Accident, sickness and unemployment insurance is a short term income protection policy that replaces your income for up to 12 months should you be unable to work due to accident, sickness or involuntary redundancy. Unemployment protection insurance can also be brought as a standalone product, as can accident and sickness protection.
How does Accident, Sickness and Unemployment Insurance work?
Should you be unable to work due to an accident, prolonged illness or involuntary unemployment, your accident, sickness and unemployment cover will pay you a tax free monthly amount for a pre-defined period. This monthly benefit is usually up to 50% of your income.

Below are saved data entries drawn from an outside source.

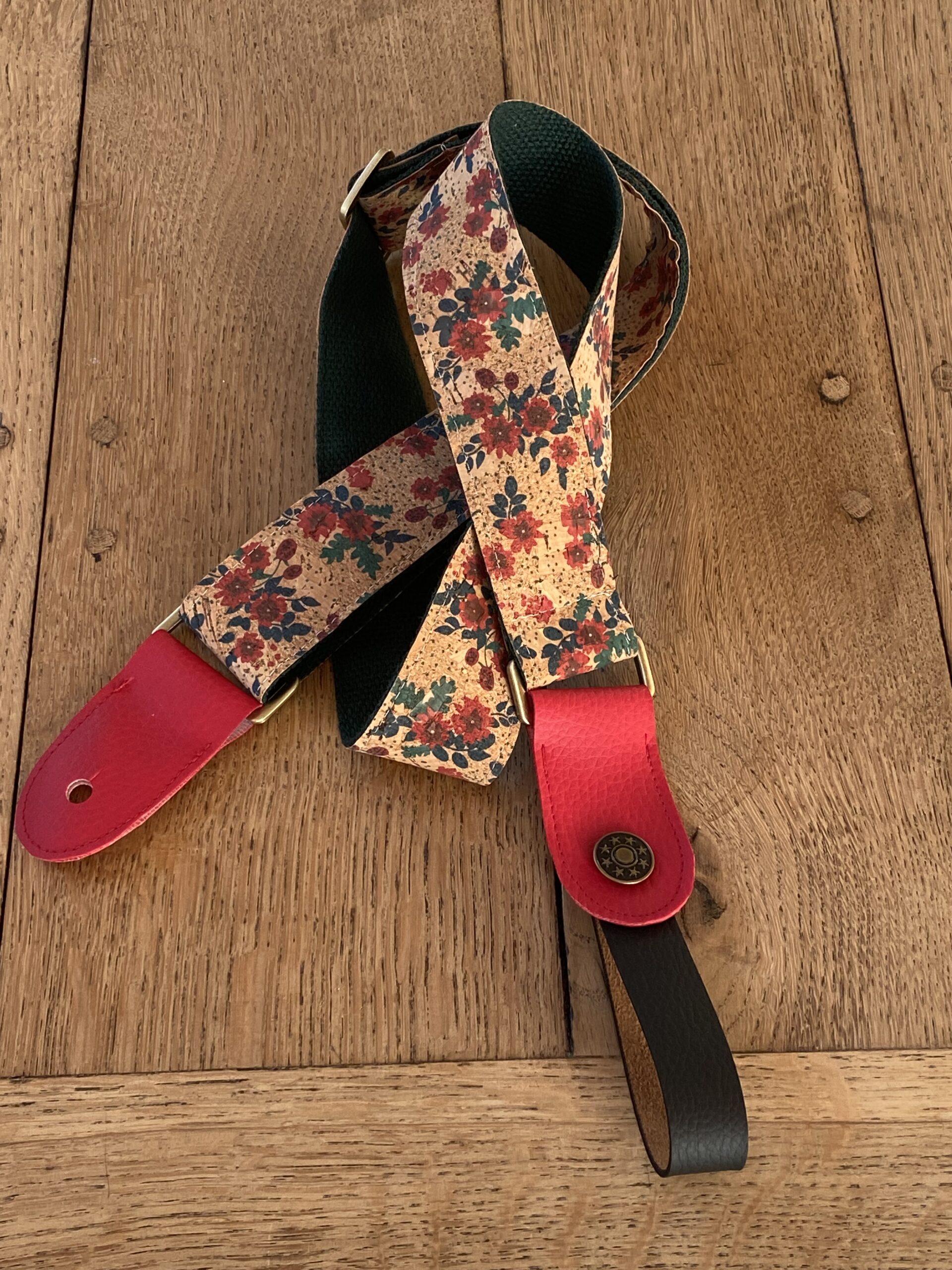 Toutes les sangles sont assemblées avec du tissu de liège imprimé de différents motifs ou skai cousu sur de la sangle coton/polyester ou simili cuir/suédine.
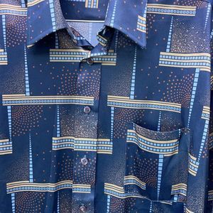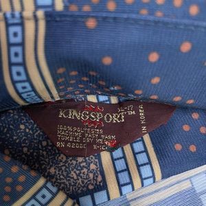 80s VTG Kingsport Colorblock Blue Long Sleeve Button-Up Shirt Mens Size XL Korea
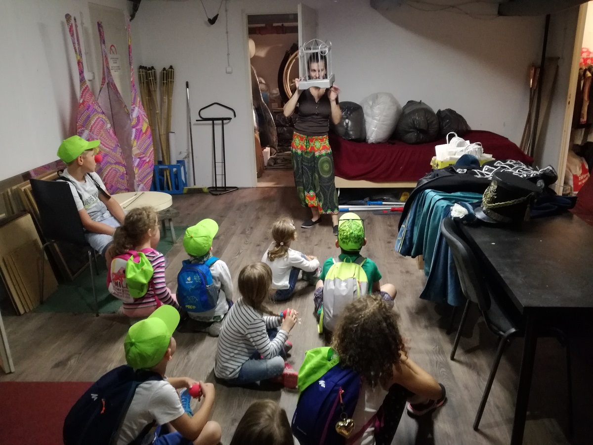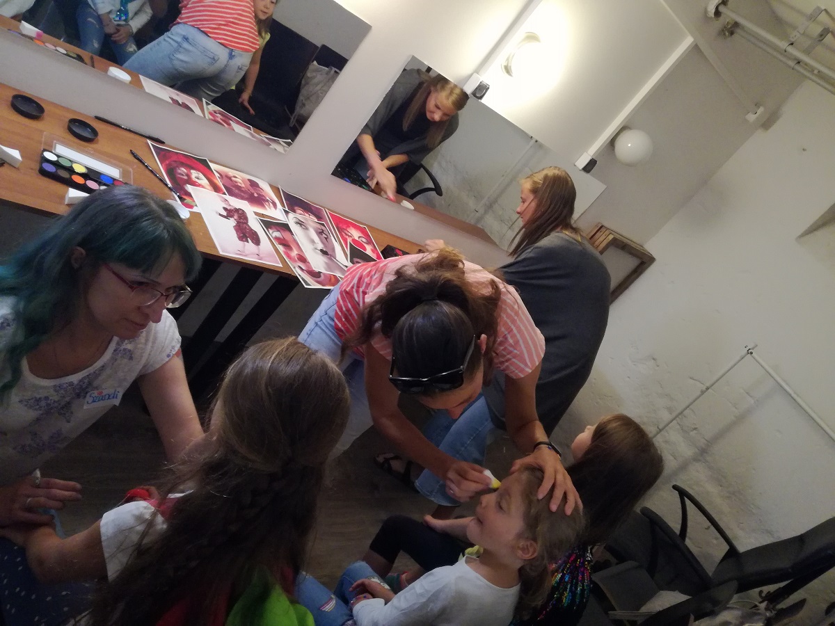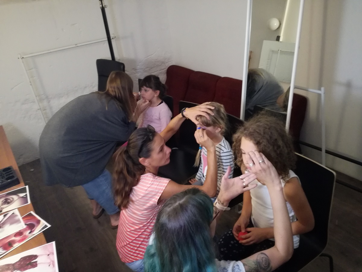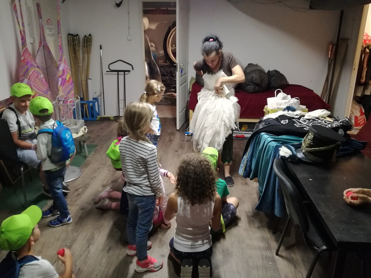 Azután a jelmeztárban Kis Judit jelmeztervező különleges kosztümöket mutatott nekik a Lúdas Matyi a cirkuszban előadásunkból, végül a vállalkozó kedvű gyerekeket valódi cirkuszi sminkkel ajándékoztuk meg.
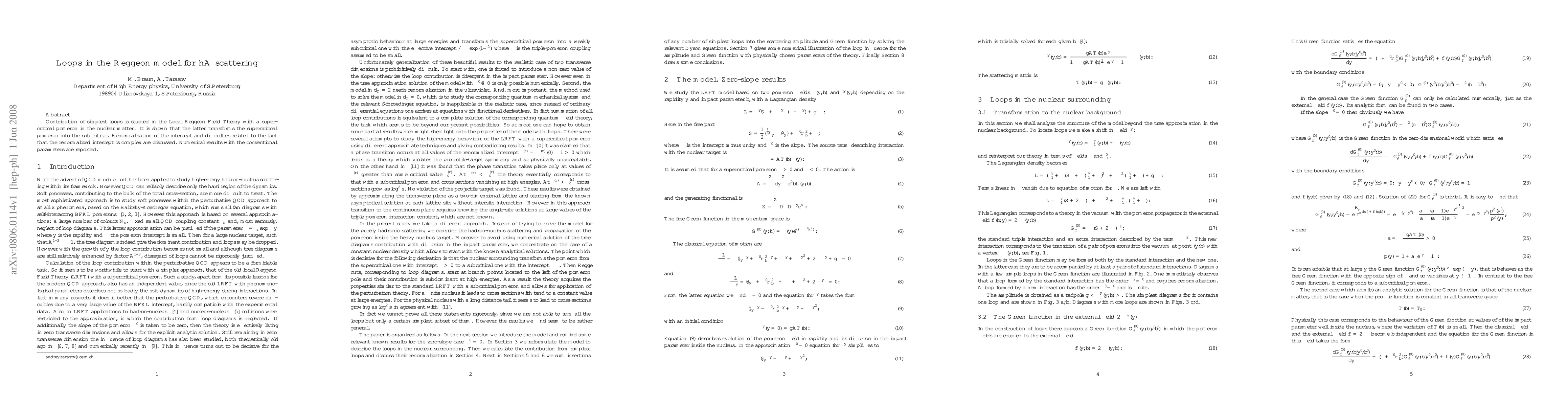 Contribution of simplest loops is studied in the Local Reggeon Field Theory with a supercritical pomeron in the nuclear matter. It is shown that the latter transforms the supercritical pomeron into the subcritical. Renormalization of the intercept and difficulties related to the fact that the renormalized intercept is complex are discussed. Numerical results with the conventional parameters are reported.
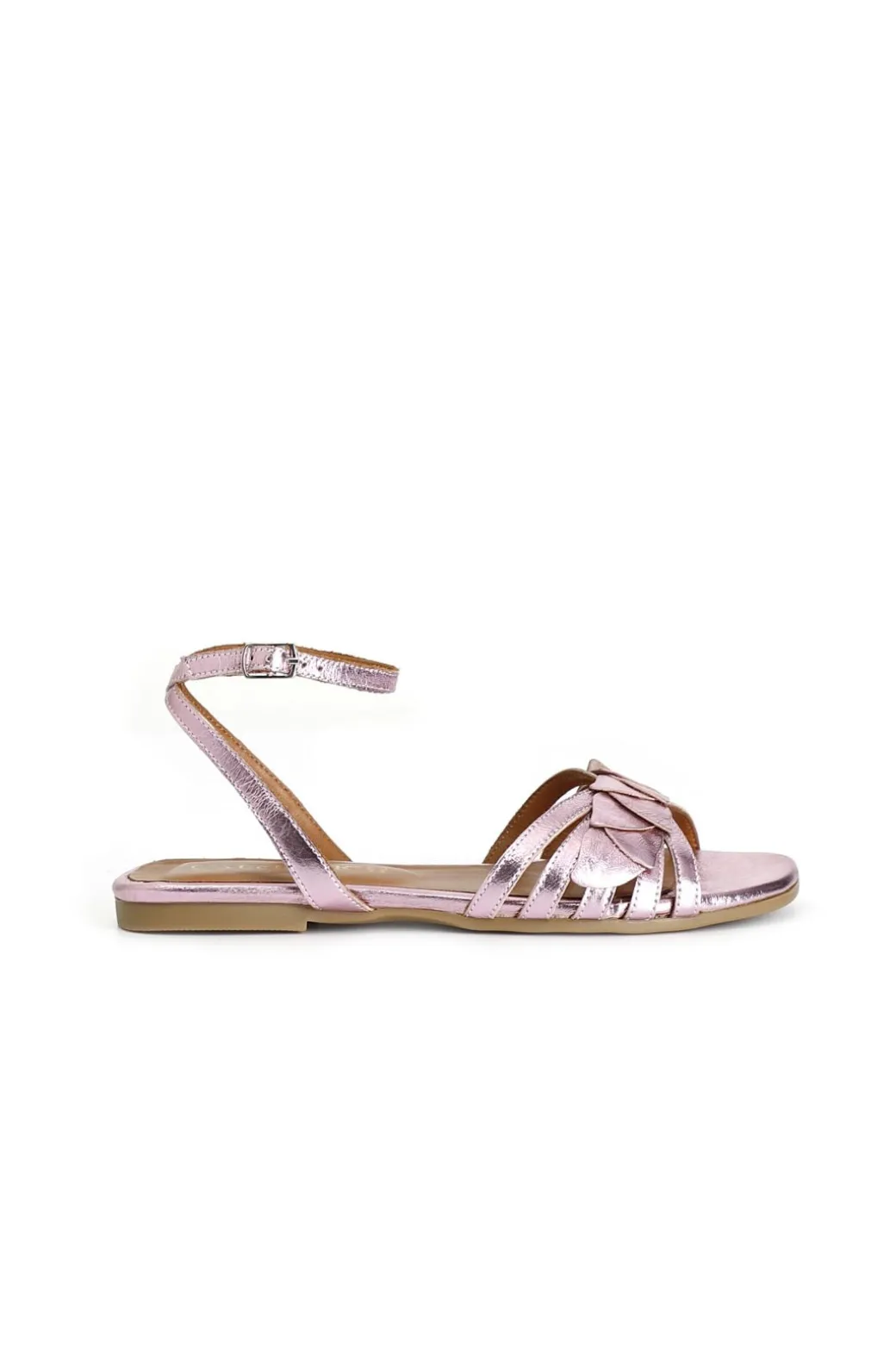 Sandali bassi in pelle laminata con laccio alla caviglia e decoro frontale simile ad un intreccio di foglie.

Accident, sickness and unemployment cover quotes will usually only pay out for 12 months, even if you are unable to return to work after this time.
Why would I need Accident and Sickness Protection?
It’s impossible to predict the future, and whilst you may be fit and healthy now anyone could fall sick and be unable to work. People suffering long term sickness can apply for employment support allowance (ESA), but this may not be enough to maintain your current lifestyle. An accident and sickness protection insurance quote will give you 12 months of tax free benefits to help you concentrate on getting better.
Why would I need Unemployment Insurance?
In an ideal world, everyone who gets made unemployed would be able to find another job straight away. But according to the Office of National Statistics more than 800,000 people in the UK have been out of work for more than 1 year following redundancy.
Unemployment insurance can be bought as a standalone policy or alongside accident and sickness cover. Unemployment insurance policies will give you the financial support for 12 months to find a new job and get back on your feet. Some unemployment insurance quotes also offer a free back to work service, giving you practical advice tailored to your individual circumstances.
What could Accident, Sickness and Unemployment Cover be used for?
Accident, sickness and unemployment insurance can be used to replace your income- whether it’s safeguarding your rent payments, covering your utility and council tax bills, or even covering your monthly food costs.
However, some accident, sickness and unemployment cover UK policies are linked directly to mortgage payments or loan payments:
- Payment protection insurance (PPI) simply meets the cost of a specific debt, preventing you from defaulting. This is often the most expensive method of protecting a debt.
- Mortgage payment protection insurance (MPPI) would usually be paid out to you directly. You would then be responsible for meeting your mortgage payments.